▸ **Material for this task**:
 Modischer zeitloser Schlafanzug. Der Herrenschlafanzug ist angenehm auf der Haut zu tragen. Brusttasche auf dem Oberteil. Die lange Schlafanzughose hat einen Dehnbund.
==
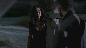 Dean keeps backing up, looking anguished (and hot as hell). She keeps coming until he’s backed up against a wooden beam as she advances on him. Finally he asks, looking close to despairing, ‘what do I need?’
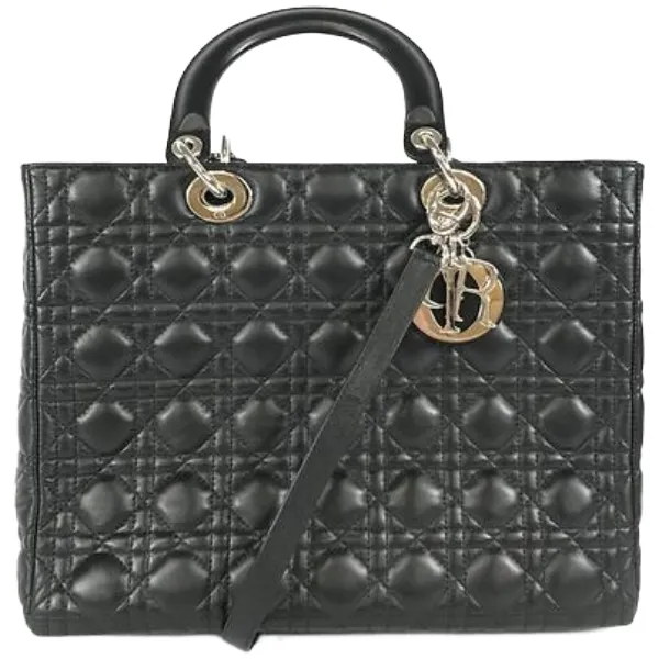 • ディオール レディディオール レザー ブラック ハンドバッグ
---
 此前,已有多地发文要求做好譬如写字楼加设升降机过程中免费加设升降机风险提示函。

▸ **The task**: Using the records above, print exactly the lines between the ones containing "Dean keeps backing" and "レザー ブラック ハンドバッグ", inclusive, and nothing else; no pictures.

▸ **Solution for this problem**:
 Dean keeps backing up, looking anguished (and hot as hell). She keeps coming until he’s backed up against a wooden beam as she advances on him. Finally he asks, looking close to despairing, ‘what do I need?’
 • ディオール レディディオール レザー ブラック ハンドバッグ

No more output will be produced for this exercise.